(Records from a collection)
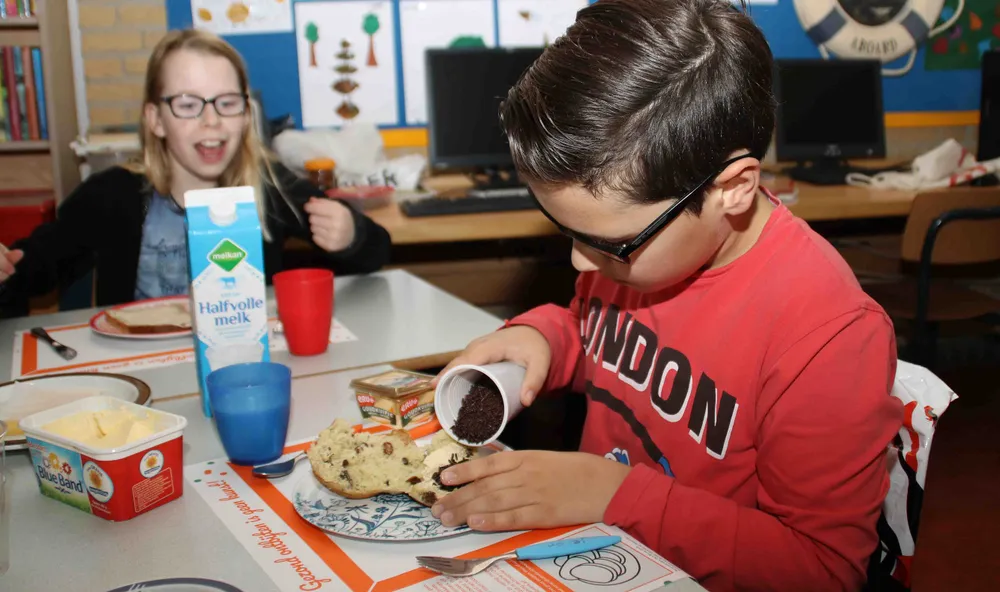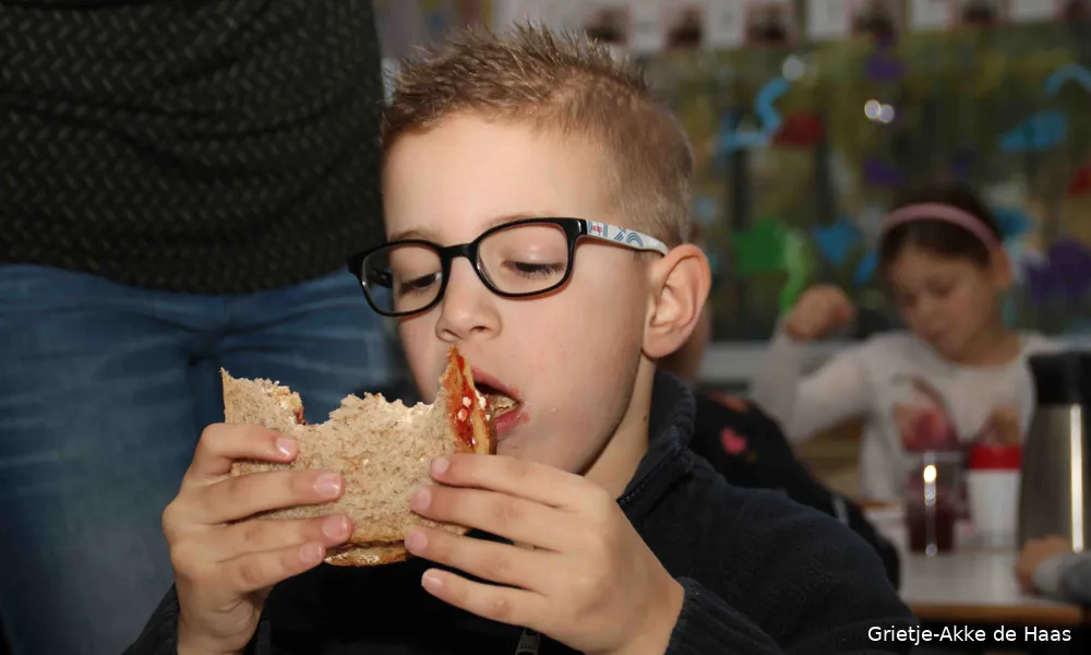 Een bruine boterham met daarop boter, kaas, jam, hagelslag en appelstroop; David van groep 3 van de Julianaschool moest zijn mond wel heel ver opensperren om zijn smakelijke ontbijt te verorberen.
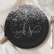 Placa de Papel Elegante De Monograma De Lata Preta Glam. Personalize facilmente este design de placa de papel chic moderna com elegante brilho prateado num fundo preto. O design apresenta seu monograma manuscrito com espirais bonito e seu nome.
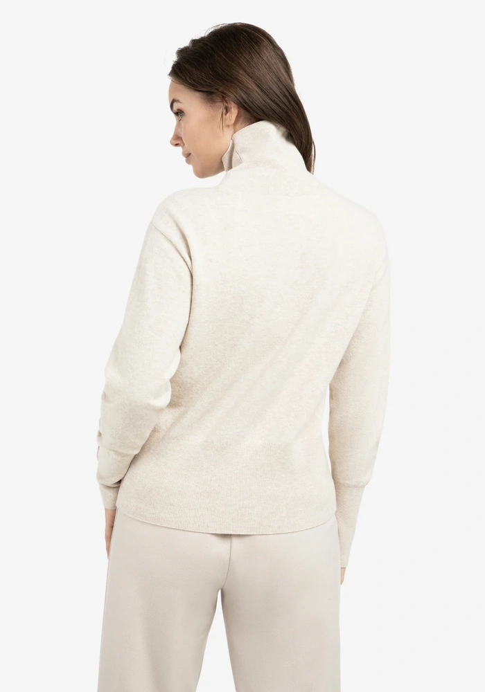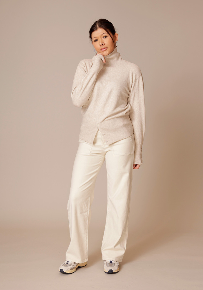 Deze elegante gebreide trui van Yaya heeft een hoge col, een losse pasvorm, lange mouwen en een aansluitende tailleboord. De knoopdetails op de tailleboord en manchetten voegen een subtiel speels accent toe. Gemaakt van zachte, comfortabele stof die gemakkelijk te combineren is.
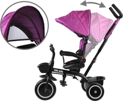 Dieses multifunktionale Dreirad vereint die Vorteile eines Kinderwagens, Laufrads und klassischen Dreirads. Dank des drehbaren Sitzes kann das Kind sowohl zur Bezugsperson als auch in Fahrtrichtung sitzen. Weiche Polsterung, Fünfpunktgurte und ein abnehmbarer Sicherheitsbügel bieten maximalen Komfort und Sicherheit.
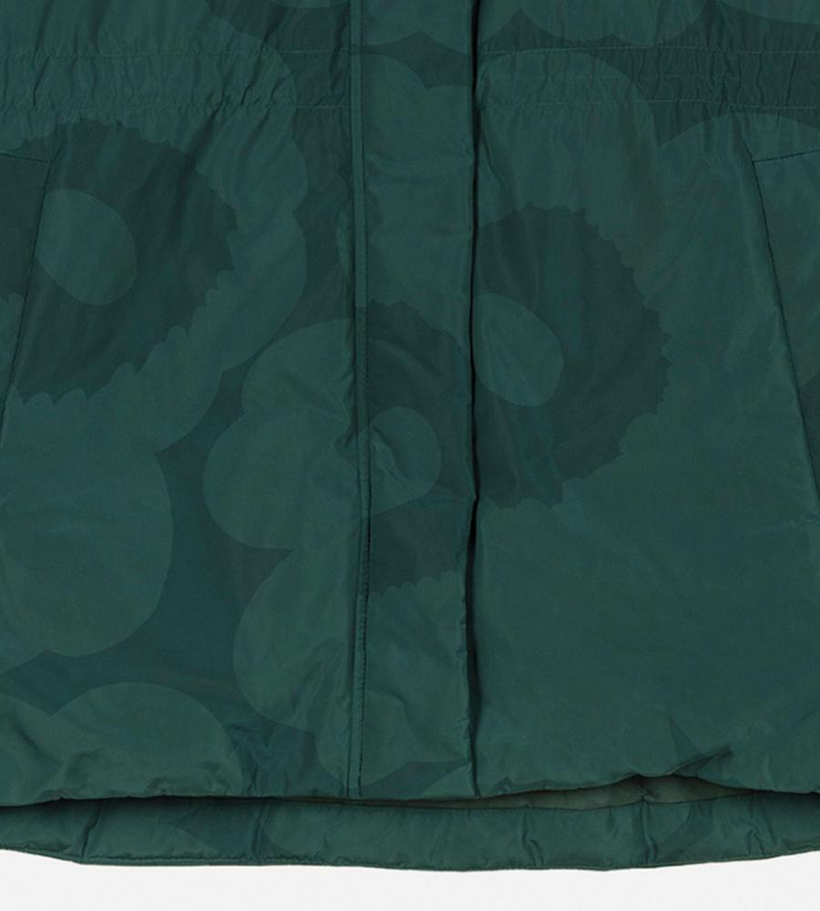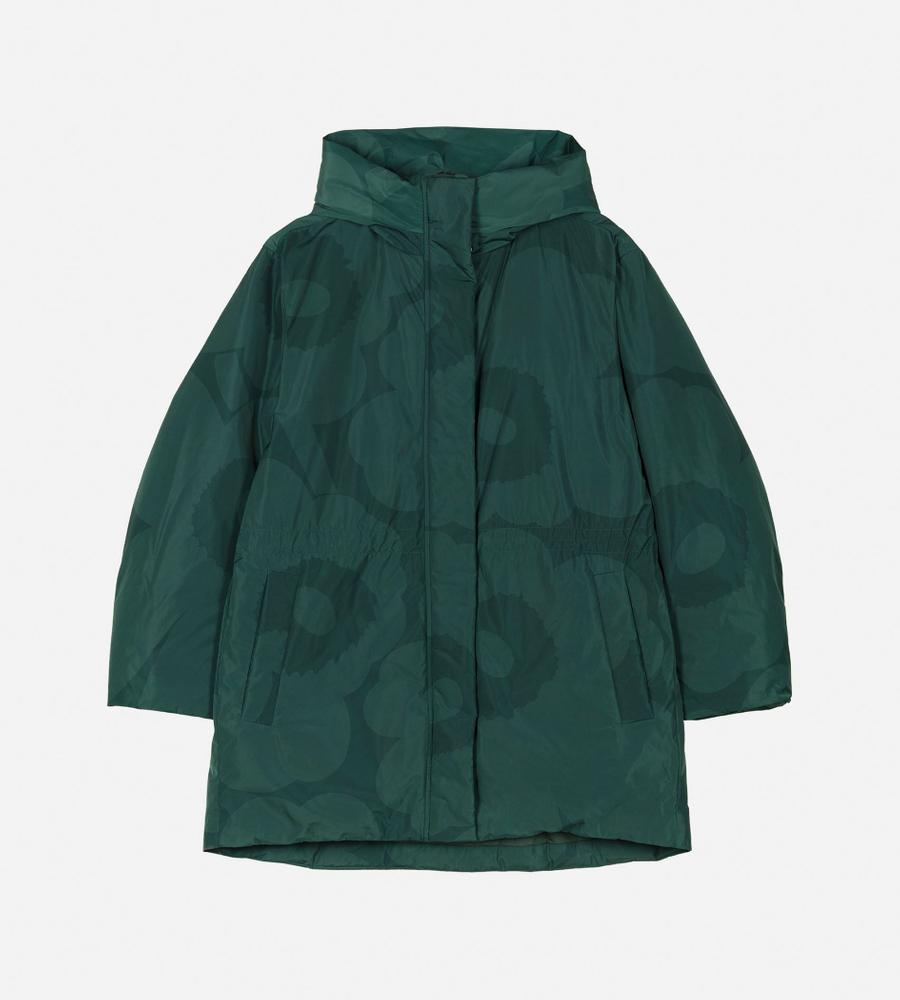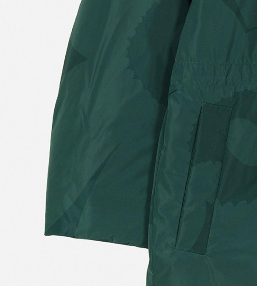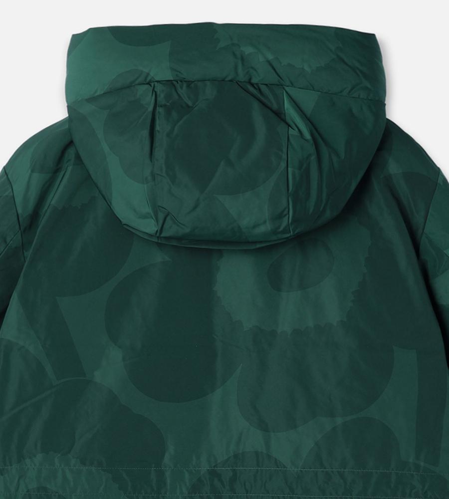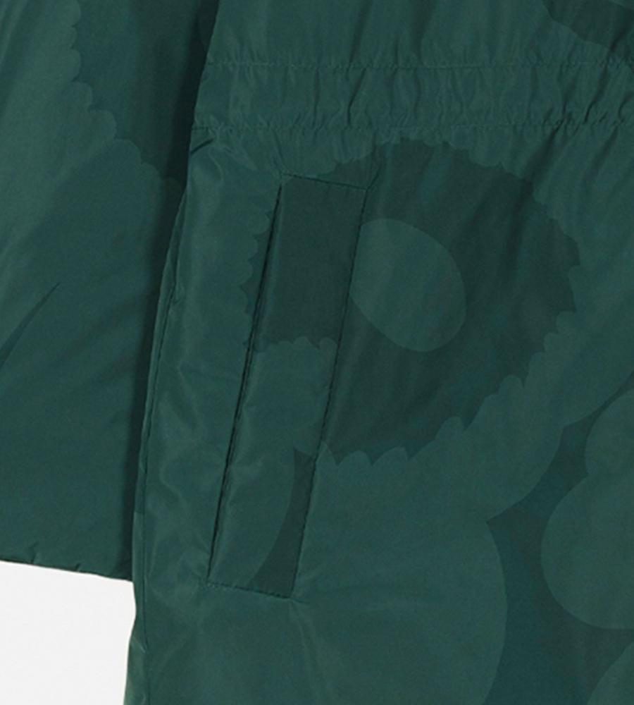 大ぶりなUnikko柄をあしらったダウンコート。表面にダウンステッチのない洗練されたデザインで、カジュアルからキレイめまで幅広い着こなしに合わせやすいアイテムです。大きく立体的なフードはお顔まわりを華やかに演出。ウエスト内側にドローストリングが通っているためシルエットのアレンジも楽しめます。
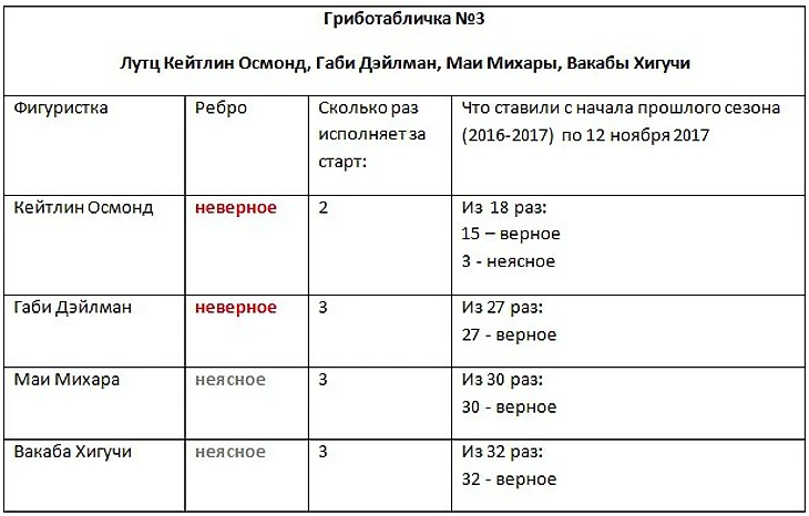 Выяснилось, что у некоторых фигуристок техническая панель вообще не отмечает (почти никогда) неверные ребра, более того, иногда верные ребра фиксирует, как неверные. Давайте разберем эти наиболее вопиющие 4 случая:
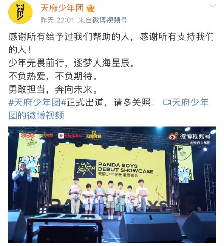 8月20日,偶像组合“天府少年团PANDA BOYS”在成都发布单曲,宣布出道。
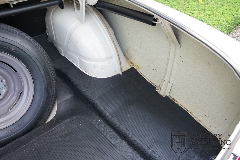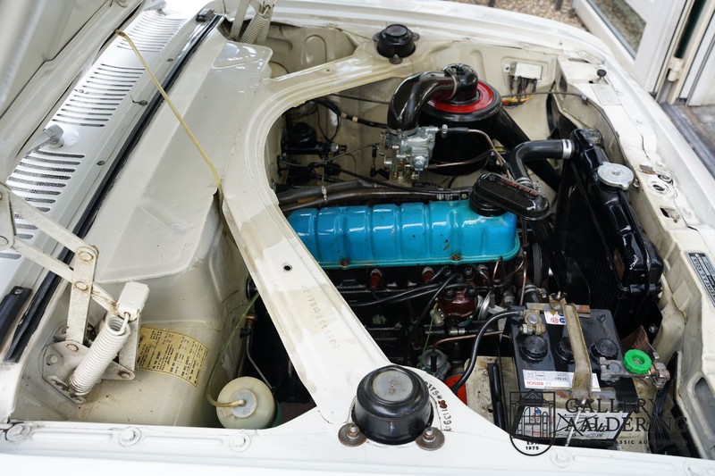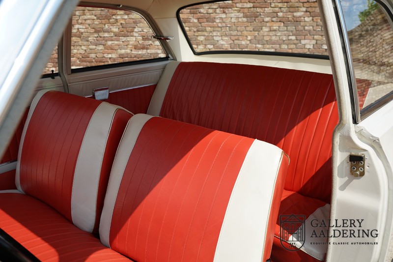 We have an original Dutch supplied 1963 Ford Taunus 17M Super. Let’s immediately get to the nub of it: the car still has its complete first coat of paint! Both the in and outside of the car is wonderfully original and is in unbelievably fine condition. The 44,200 km on the clock is almost certainly correct. The “coachwork” is incredibly authentic with nice and thin, correctly aligned panelwork. The quality of the original paintwork is brilliant with a typical 60’s colour finish. The car has kept its original wheels with correctly sized tyres. The totally authentic interior is simply gorgeous. As soon as you pop your head inside you immediately appreciate that here we are dealing with a beautifully preserved original vehicle. Instruments and controls are also in a wonderful original state as is the factory fitted Blaupunkt radio. The two-tone vinyl upholstery is a perfect match to the exterior and is immaculate. The same is true for the carpets and roof lining.

> [Activity] Your task is to reproduce the entries above word for word, from the first line through the line with "Deze elegante gebreide", and please leave out any pictures.

> [Task response]
 Een bruine boterham met daarop boter, kaas, jam, hagelslag en appelstroop; David van groep 3 van de Julianaschool moest zijn mond wel heel ver opensperren om zijn smakelijke ontbijt te verorberen.
 Placa de Papel Elegante De Monograma De Lata Preta Glam. Personalize facilmente este design de placa de papel chic moderna com elegante brilho prateado num fundo preto. O design apresenta seu monograma manuscrito com espirais bonito e seu nome.
 Deze elegante gebreide trui van Yaya heeft een hoge col, een losse pasvorm, lange mouwen en een aansluitende tailleboord. De knoopdetails op de tailleboord en manchetten voegen een subtiel speels accent toe. Gemaakt van zachte, comfortabele stof die gemakkelijk te combineren is.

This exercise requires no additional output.